Yes, it was a huge relief to be free of history for a while. Traveling is one of few zones of experience where you are not directly plugged into the world around you. You’re not part of the society you’re passing through. It was a way for me to remain a South African without having to feel answerable to the usual set of South African questions, which I can tell you often feels, in a literary sense, very tedious indeed.

There is a line in the beginning of The Good Doctor where a character says, “The past has only just happened. It’s not past yet.” Do you have the sense that there’s a wealth of novelists exploring South Africa’s recent history right now? I’m thinking of writers like Zakes Mda, Achmat Dangor, Troy Blacklaws, and Zoe Wicomb, among others.

I should confess that I’m woefully under-read in South African fiction. But it seems obvious that there’s been an explosion of local writing in the past fifteen years. A lot of these writers are dealing with “the past that’s not past yet.” Perhaps that’s inevitable when any free expression was stifled while the past was actually unfolding. In any case, I think there’s a common feeling that we need to break free from the past, and not just in a historical sense. Local writers are trying to escape a rigid set of moral gestures, if I can put it like that, which have imposed repetition upon us. Perhaps cliché is nothing more than the weight of the past pinning down your mind. In this sense, imaginative freedom is a way of finding the future, though it isn’t so easy to do.

This is the second time you’ve been shortlisted for the Booker Prize. How are you approaching it all this year?

Well, I’m approaching it with the knowledge of how awful it all is, which will hopefully make it less awful.

Finally, I’m curious about your writing life: I know in the past you’ve spent large parts of the year traveling and writing in India (described in the book’s final section, “The Guardian”). What first drew you to India and have you managed to get much work done there?

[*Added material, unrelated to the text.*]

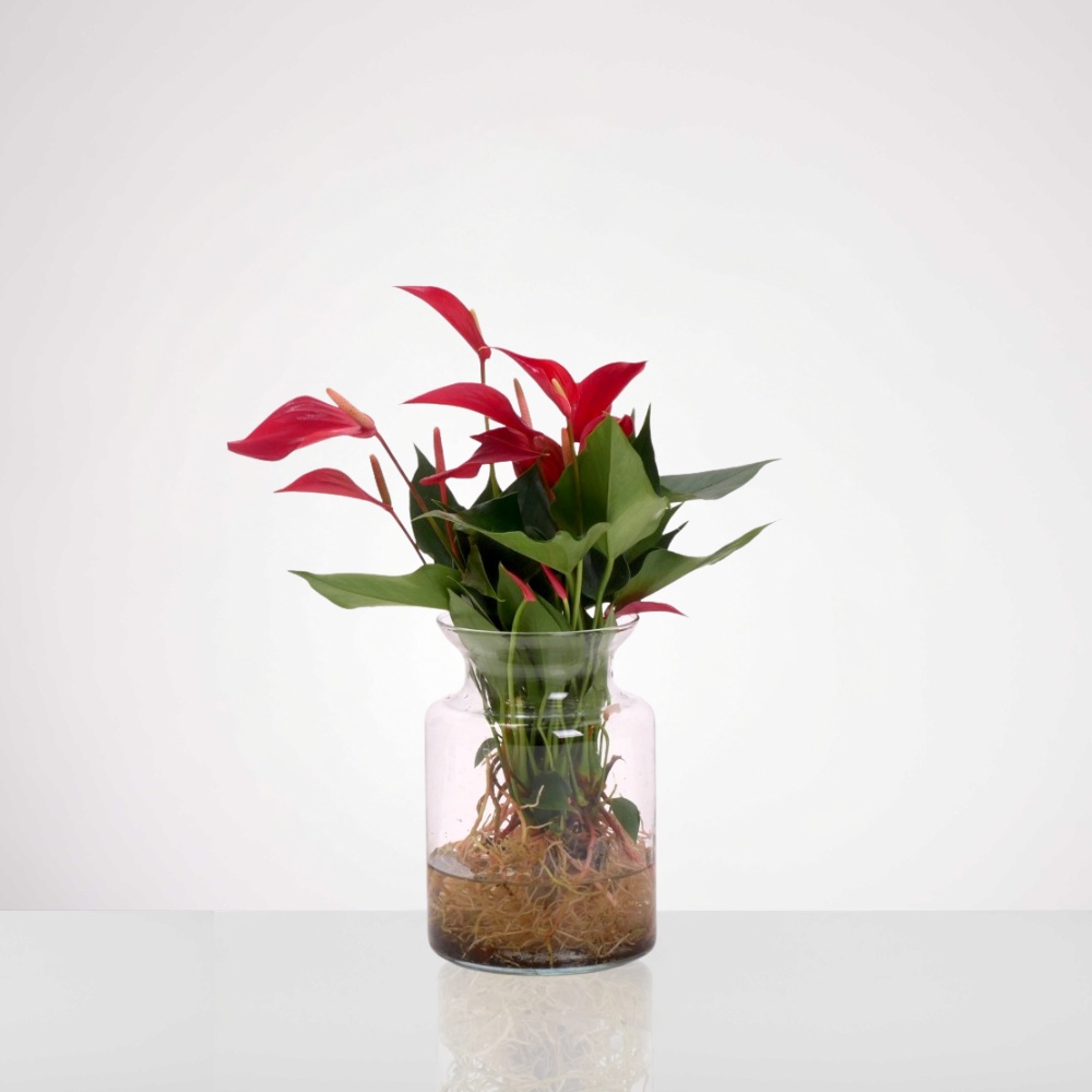 צמח אנטוריום מרשים בגידול הידרופוני (על בסיס מים), המגיע בתוך ואזת זכוכית שקופה למראה נקי, מודרני ואלגנטי. גובה הכלי והצמח כ-50 ס"מ, והפריחה מגיעה בגווני אדום. פריט עיצובי מושלם לבית או למשרד הדורש תחזוקה מינימלית ומהווה מתנה ייחודית ומרגשת. חשוב לשמור על כמות המים בכלי כפי שהיא בתמונה ובנוסף להחליף את המים כל 3-4 ימים למים קרירים.
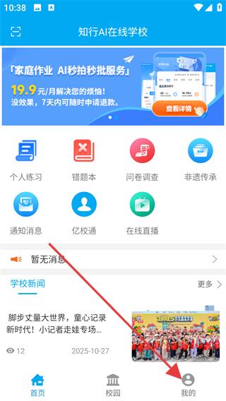 1、打開億谷智慧教育,進(jìn)入時點(diǎn)擊底部我的按鈕。

I first went to India because of my interest in yoga, hoping to go to the Iyengar Centre in Pune for a while. That didn’t work out, but I ended up on a beach in Goa, writing. And for various reasons that was a good spot for me to work in, and I kept going back, often for six-month stretches. I wrote a lot of The Good Doctor and The Impostor there. I think the fact that it was far from South Africa helped to give me some perspective on the themes. In addition to which the warmth and good food and cheap prices, combined with total anonymity, were conducive to a creative state of mind. It became my “other place” for a while. Though I think that’s changed, alas, partly because of the events described in the third part of the book.